(Aim of the task) Print the entries underneath word for word, omitting whatever pictures they contain.

(Dataset records)

§

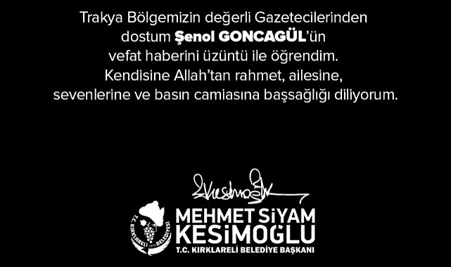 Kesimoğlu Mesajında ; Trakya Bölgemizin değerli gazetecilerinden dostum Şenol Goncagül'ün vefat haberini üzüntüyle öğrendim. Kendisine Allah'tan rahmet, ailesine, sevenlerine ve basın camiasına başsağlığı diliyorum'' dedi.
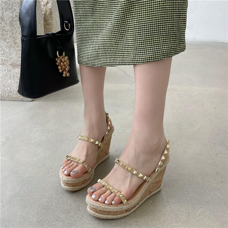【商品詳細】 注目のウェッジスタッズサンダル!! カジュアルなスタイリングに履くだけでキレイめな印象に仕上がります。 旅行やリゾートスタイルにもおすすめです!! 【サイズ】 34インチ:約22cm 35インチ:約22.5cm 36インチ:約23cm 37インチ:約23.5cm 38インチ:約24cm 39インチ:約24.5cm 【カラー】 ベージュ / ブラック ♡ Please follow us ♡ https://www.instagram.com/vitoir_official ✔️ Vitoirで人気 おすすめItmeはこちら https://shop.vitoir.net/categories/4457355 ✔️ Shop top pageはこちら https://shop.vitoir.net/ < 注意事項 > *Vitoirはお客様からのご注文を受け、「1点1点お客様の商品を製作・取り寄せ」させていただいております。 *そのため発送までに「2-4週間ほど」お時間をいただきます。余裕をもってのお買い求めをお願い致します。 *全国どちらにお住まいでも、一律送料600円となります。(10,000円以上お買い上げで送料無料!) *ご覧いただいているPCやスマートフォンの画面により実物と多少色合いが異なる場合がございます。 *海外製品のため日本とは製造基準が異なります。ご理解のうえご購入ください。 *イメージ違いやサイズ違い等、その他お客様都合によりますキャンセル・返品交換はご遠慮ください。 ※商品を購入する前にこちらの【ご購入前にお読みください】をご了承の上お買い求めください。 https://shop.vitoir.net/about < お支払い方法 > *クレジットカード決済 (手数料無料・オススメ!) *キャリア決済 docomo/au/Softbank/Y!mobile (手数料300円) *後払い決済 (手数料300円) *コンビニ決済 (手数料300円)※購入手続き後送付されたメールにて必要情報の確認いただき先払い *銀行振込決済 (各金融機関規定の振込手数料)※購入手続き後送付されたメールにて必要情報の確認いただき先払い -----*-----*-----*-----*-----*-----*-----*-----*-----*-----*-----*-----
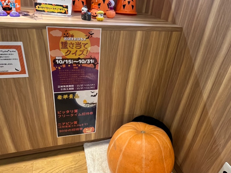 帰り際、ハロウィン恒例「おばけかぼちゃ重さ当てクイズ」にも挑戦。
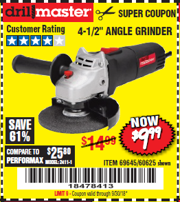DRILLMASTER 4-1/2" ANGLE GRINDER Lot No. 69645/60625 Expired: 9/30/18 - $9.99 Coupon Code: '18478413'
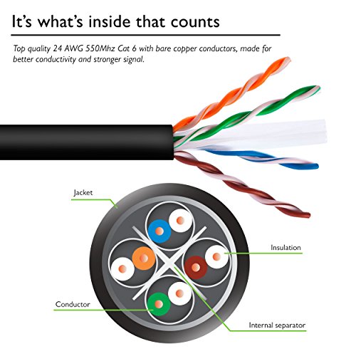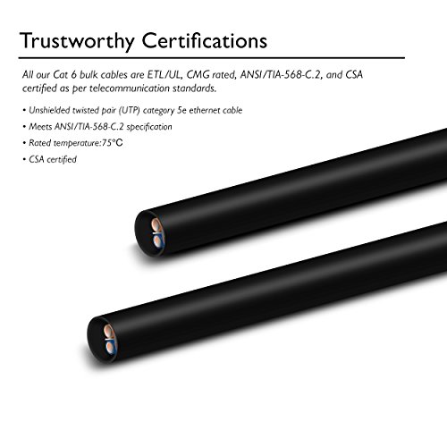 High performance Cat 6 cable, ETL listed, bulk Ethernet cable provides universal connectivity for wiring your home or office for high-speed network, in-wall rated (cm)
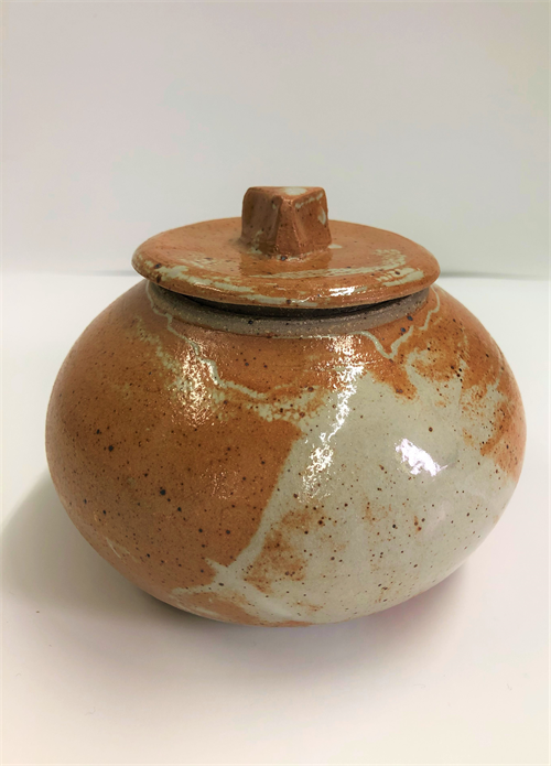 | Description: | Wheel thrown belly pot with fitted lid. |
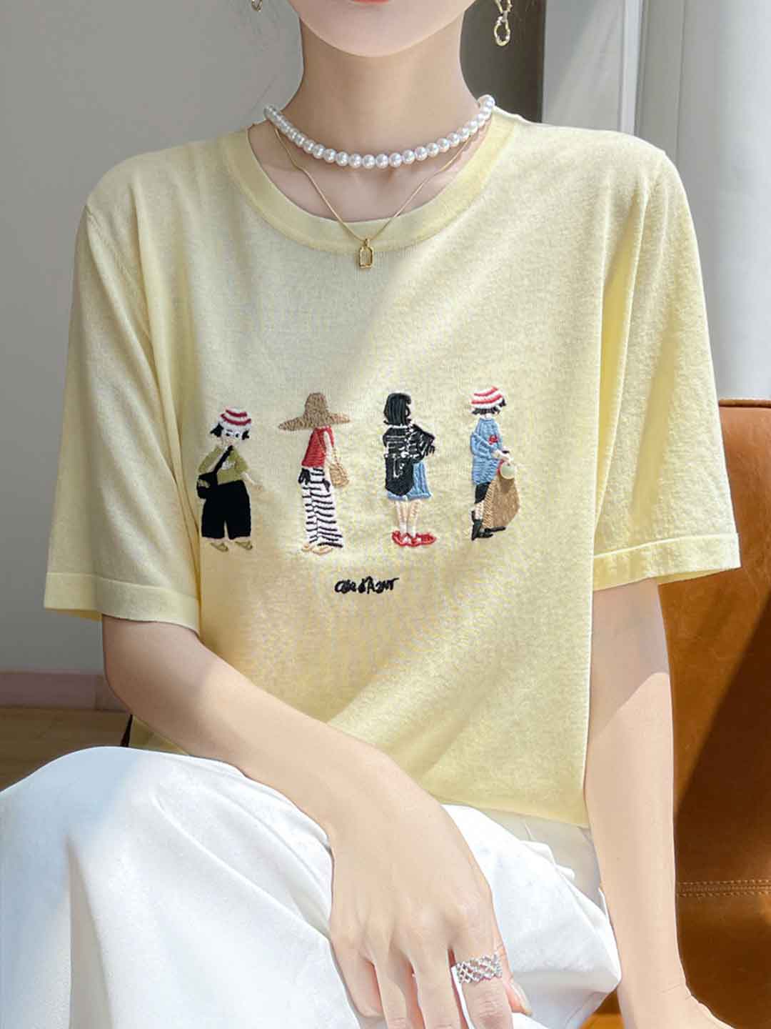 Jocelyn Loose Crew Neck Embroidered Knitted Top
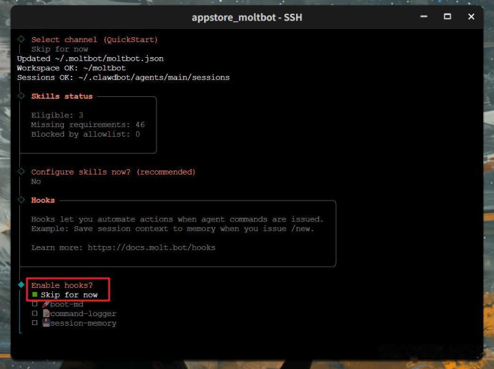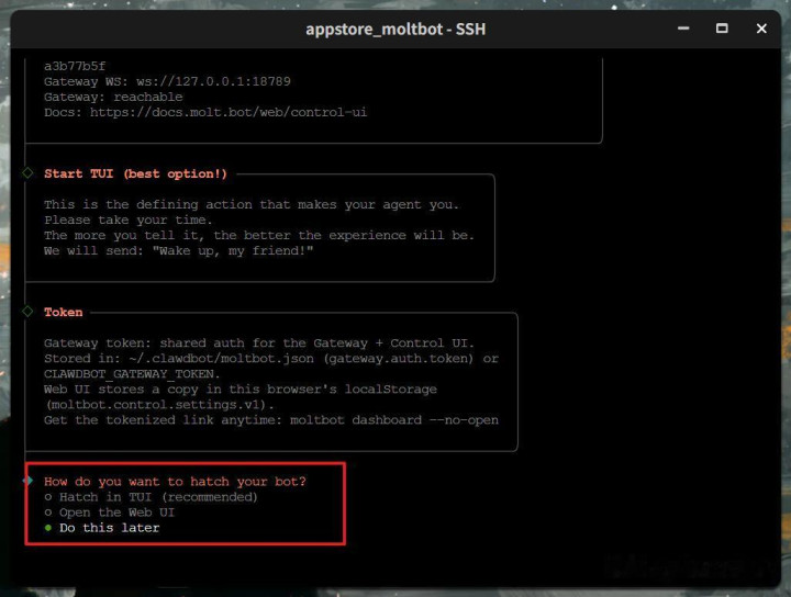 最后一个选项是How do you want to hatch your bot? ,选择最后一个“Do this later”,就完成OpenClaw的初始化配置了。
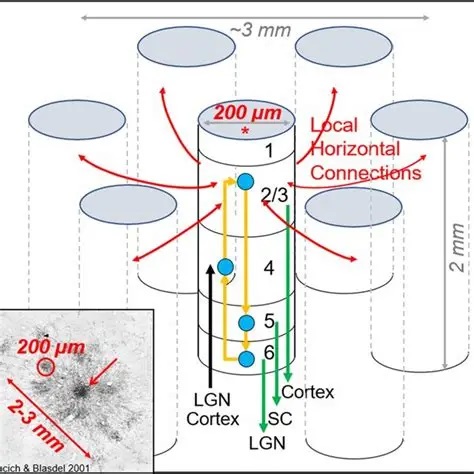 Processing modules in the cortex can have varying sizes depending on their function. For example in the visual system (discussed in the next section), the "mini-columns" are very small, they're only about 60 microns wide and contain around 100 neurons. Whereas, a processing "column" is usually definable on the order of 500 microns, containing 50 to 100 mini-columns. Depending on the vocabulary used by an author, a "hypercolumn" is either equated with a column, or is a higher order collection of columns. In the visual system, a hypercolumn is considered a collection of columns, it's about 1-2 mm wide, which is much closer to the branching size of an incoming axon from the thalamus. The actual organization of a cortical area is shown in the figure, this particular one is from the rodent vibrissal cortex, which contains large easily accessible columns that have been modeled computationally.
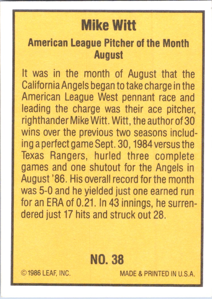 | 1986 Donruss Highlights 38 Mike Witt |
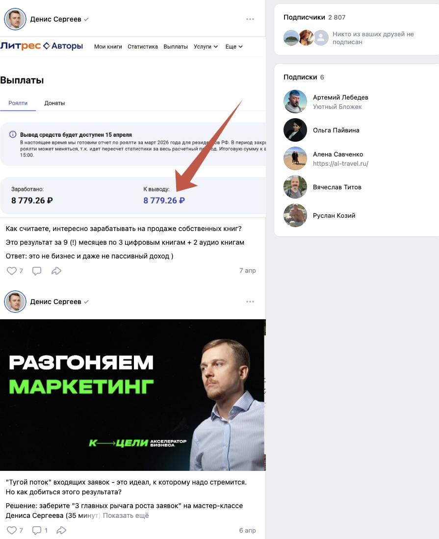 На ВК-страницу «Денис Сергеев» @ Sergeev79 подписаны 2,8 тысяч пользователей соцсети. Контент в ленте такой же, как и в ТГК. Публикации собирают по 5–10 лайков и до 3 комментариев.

§

(Task result)
 Kesimoğlu Mesajında ; Trakya Bölgemizin değerli gazetecilerinden dostum Şenol Goncagül'ün vefat haberini üzüntüyle öğrendim. Kendisine Allah'tan rahmet, ailesine, sevenlerine ve basın camiasına başsağlığı diliyorum'' dedi.
【商品詳細】 注目のウェッジスタッズサンダル!! カジュアルなスタイリングに履くだけでキレイめな印象に仕上がります。 旅行やリゾートスタイルにもおすすめです!! 【サイズ】 34インチ:約22cm 35インチ:約22.5cm 36インチ:約23cm 37インチ:約23.5cm 38インチ:約24cm 39インチ:約24.5cm 【カラー】 ベージュ / ブラック ♡ Please follow us ♡ https://www.instagram.com/vitoir_official ✔️ Vitoirで人気 おすすめItmeはこちら https://shop.vitoir.net/categories/4457355 ✔️ Shop top pageはこちら https://shop.vitoir.net/ < 注意事項 > *Vitoirはお客様からのご注文を受け、「1点1点お客様の商品を製作・取り寄せ」させていただいております。 *そのため発送までに「2-4週間ほど」お時間をいただきます。余裕をもってのお買い求めをお願い致します。 *全国どちらにお住まいでも、一律送料600円となります。(10,000円以上お買い上げで送料無料!) *ご覧いただいているPCやスマートフォンの画面により実物と多少色合いが異なる場合がございます。 *海外製品のため日本とは製造基準が異なります。ご理解のうえご購入ください。 *イメージ違いやサイズ違い等、その他お客様都合によりますキャンセル・返品交換はご遠慮ください。 ※商品を購入する前にこちらの【ご購入前にお読みください】をご了承の上お買い求めください。 https://shop.vitoir.net/about < お支払い方法 > *クレジットカード決済 (手数料無料・オススメ!) *キャリア決済 docomo/au/Softbank/Y!mobile (手数料300円) *後払い決済 (手数料300円) *コンビニ決済 (手数料300円)※購入手続き後送付されたメールにて必要情報の確認いただき先払い *銀行振込決済 (各金融機関規定の振込手数料)※購入手続き後送付されたメールにて必要情報の確認いただき先払い -----*-----*-----*-----*-----*-----*-----*-----*-----*-----*-----*-----
 帰り際、ハロウィン恒例「おばけかぼちゃ重さ当てクイズ」にも挑戦。
DRILLMASTER 4-1/2" ANGLE GRINDER Lot No. 69645/60625 Expired: 9/30/18 - $9.99 Coupon Code: '18478413'
 High performance Cat 6 cable, ETL listed, bulk Ethernet cable provides universal connectivity for wiring your home or office for high-speed network, in-wall rated (cm)
 | Description: | Wheel thrown belly pot with fitted lid. |
 Jocelyn Loose Crew Neck Embroidered Knitted Top
 最后一个选项是How do you want to hatch your bot? ,选择最后一个“Do this later”,就完成OpenClaw的初始化配置了。
 Processing modules in the cortex can have varying sizes depending on their function. For example in the visual system (discussed in the next section), the "mini-columns" are very small, they're only about 60 microns wide and contain around 100 neurons. Whereas, a processing "column" is usually definable on the order of 500 microns, containing 50 to 100 mini-columns. Depending on the vocabulary used by an author, a "hypercolumn" is either equated with a column, or is a higher order collection of columns. In the visual system, a hypercolumn is considered a collection of columns, it's about 1-2 mm wide, which is much closer to the branching size of an incoming axon from the thalamus. The actual organization of a cortical area is shown in the figure, this particular one is from the rodent vibrissal cortex, which contains large easily accessible columns that have been modeled computationally.
 | 1986 Donruss Highlights 38 Mike Witt |
 На ВК-страницу «Денис Сергеев» @ Sergeev79 подписаны 2,8 тысяч пользователей соцсети. Контент в ленте такой же, как и в ТГК. Публикации собирают по 5–10 лайков и до 3 комментариев.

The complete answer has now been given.